November 2, 2017 | Written by: Seth Dobrin
Categorized: Data Governance | Machine Learning
Share this post:
Mastering fast-growing data volumes across the enterprise is one of the first and most critical steps in establishing a cognitive business. To do it requires adopting advanced analytics that enable an organization to better understand and control its data, but also to gain insights that set the stage for driving new business models.
But for all of this to effectively occur, the analytics must be executable regardless of the data type (structured, unstructured or semi-structured), and regardless of whether the data is sitting on critical systems that have been running the business for the last 20 years, a private cloud behind the firewall, or any of the public cloud platforms.
Additionally, it is increasingly important to leverage machine learning to help automate many of the processes such as metadata assignment, data classification, data quality and master data management.
These are the concepts of unified governance. For IBM, the essentials of data governance include diligent and comprehensive data management practices that provide data integrity, quality, security, usability, and availability. This past summer, we made a number of moves around governance, namely with the launch of our Unified Governance Platform, that aims to make governance more accessible.
But our approach to governance goes beyond accessibility. Our belief is that when done properly, data governance can be an enabler of rapid data science. In other words, if the data is “pre-governed,” it is much easier to access and understand what can and can’t be done with it. When that occurs, the data is primed for analysis, correlations, and patterns, all of which create a new environment of data-driven decision making.
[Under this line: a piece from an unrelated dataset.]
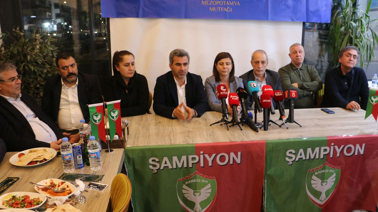 Daha sonra konuşan Amed Sportif Faaliyetler Başkanı Nahit Eren, bu dayanışmayı daha önce de yaşadıklarını söyledi. Eren, "Bugün kentimizin bütün bileşenleri, özellikle de istişare kurulumuz ki bildiğiniz üzere kentteki sivil toplum kuruluşları, meslek örgütleri ve yerel yönetim temsilcilerinden oluşuyor çok kıymetli bir dayanışma örneği sergiledi. Antrenman sahamızda futbolcularımızla ve teknik heyetimizle bir araya gelerek, tıpkı geçmişte olduğu gibi, kentin tamamını bu şampiyonluk havası etrafında kenetlenmeye davet ettiler. Bu inancı ve motivasyonu hem futbolcularımıza hem de teknik ekibimize güçlü şekilde hissettirdiler. Ben de bu anlamda, kulüp başkanı olarak ve kulüp yönetimi adına, başta Amedspor olmak üzere emeği geçen herkese gönülden teşekkür ediyorum" şeklinde konuştu.

This week we are announcing plans to extend our Unified Governance Platform with an array of new capabilities to advance the functionality even further. In our popular InfoSphere Information Server we added the ability to have a single view of the Unified Governance Catalog for both structured and unstructured information, such as, unstructured document files, PDF’s, etc. Providing such a single view is designed to make it easy for just about any user to find and understand their data across the enterprise. In addition, we re-crafted the look and feel of a key piece of the solution, Datastage Designer, with a cognitive design that actually recognizes and then suggests usage patterns. Such a capability will position users to speed their development of data integration flows.
We are also updating the operational and analytics capabilities of our Master Data Management (MDM) solution, which that gives organizations insights about the data that is typically stored – and potentially duplicated – in silo-ed applications, such as data about customers, suppliers, partners, products, materials, accounts, etc.
The new Analytical MDM provides self-service access that helps users visualize, explore and correlate with other data sources dynamically. We’re also updating MDM with something called, “consent management,” designed to help clients who are working to get their arms around the EU’s upcoming General Data Protection Regulation (GDPR). With consent management, users are able to view and manage the received consent, purpose of consent and other aspects of consent around data access, activities associated with the GDPR.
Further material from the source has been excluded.